“Judge Vinson’s ruling has made it all the more pressing for Congress to come up with alternatives to the 2010 health care law. Abandoning the individual mandate and offering Americans a range of choices modeled after the Federal Employees Health Benefit Plan would be a substantial improvement.”
“There will obviously be appeals, and ultimately it will be the Supreme Court that settles the issue. For the time being, however, the federal government cannot enforce the PPACA against any of the 26 states who are parties to this lawsuit, or against the individuals and the National Federation of Independent Business, who are also plaintiffs in this case. Our task will now be to defend Judge Vinson’s excellent decision through the appeals process.”
“Liberal pundits who have consulted liberal law professors about liberals’ great achievement — ObamaCare — are pronouncing the ruling by Judge Roger Vinson to be much to do about nothing. The ruling is. . . um. . . thinking of a case liberals hate. . . um. . . just like Bush v. Gore ! (Except it has nothing to do with the Equal Protection Clause or any other aspect of that case.) It is, we are told, ‘curious,’ ‘odd,’ or ‘unconventional.’
These are complaints, not legal arguments.”
“As Judge Vinson took pains to emphasize, the case is not really about health care at all, or the wisdom—we would argue the destructiveness—of the newest entitlement. Rather, the Florida case goes to the core of the architecture of the American system, and whether there are any remaining limits on federal control. Judge Vinson’s 78-page ruling in favor of 26 states and the National Federation of Independent Business, among others, is by far the best legal vindication to date of Constitutional principles that form the outer boundaries of federal power.”

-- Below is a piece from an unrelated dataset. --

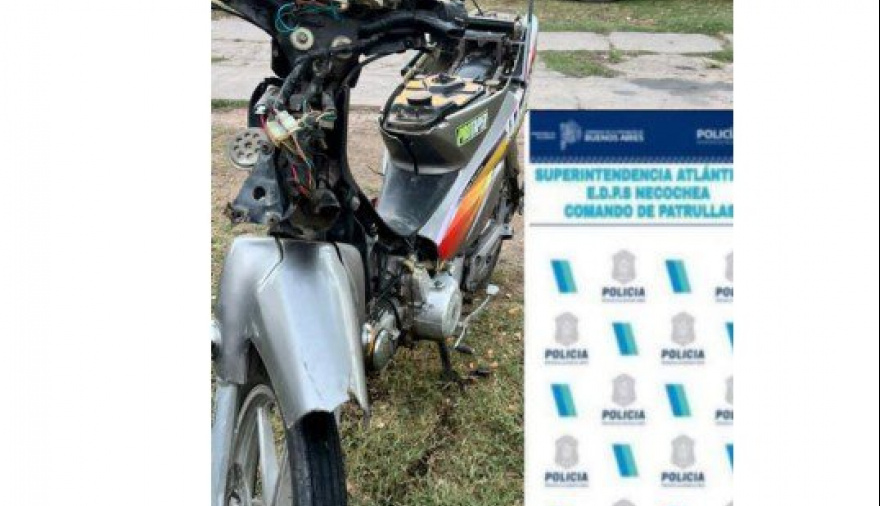 La Policía dio cuenta que un vecino llamó a efectivos cuando observó a dos sujetos que dejaban una moto en un terreno baldío. Cuando los policías arribaron a la zona de calles 71 y 80, comprobaron la veracidad del llamado y observaron entre los pastos, una moto marca Guerrero modelo Eco110 color gris sin patente, colocada con faltante de cachas frontal, asiento, y dañada en plásticos.

“There are four key components to Judge Vinson’s opinion: (1) a ruling that the Patient Protection and Affordable Care Act’s dramatic expansion of Medicaid is not coercive to the states; (2) that the individual mandate exceeds Congressional powers to regulate interstate commerce; (3) that the individual mandate exceeds Congressional prerogatives to enact laws that are “necessary and proper” for executing its delegated powers; (4) that the individual mandate was essential to the functioning of other critical components of PPACA, and therefore the entire law must be overturned.”

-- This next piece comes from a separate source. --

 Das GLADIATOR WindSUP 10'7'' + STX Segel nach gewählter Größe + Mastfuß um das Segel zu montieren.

“Judge Vinson’s opinion is laced with quotes from Madison, Hamilton, and the Federalist Papers. And because he believes that the individual mandate exceeds Congress’s commerce power, is without logical limitation, and far exceeds the existing legal boundaries established by Supreme Court precedent — because, Vinson argues, it cannot be reconciled with a limited government of enumerated powers and would remove all limits on federal power — he declared the Act unconstitutional.”
“The free-rider problem was caused by clumsy government policy. The solution to the problem, therefore, isn’t to add more clumsy government policy on top: it is to fix the original policy. PPACA’s individual mandate is not needed to address the free-rider problem. Furthermore, aspects of the individual mandate have nothing to do with the free-rider problem.”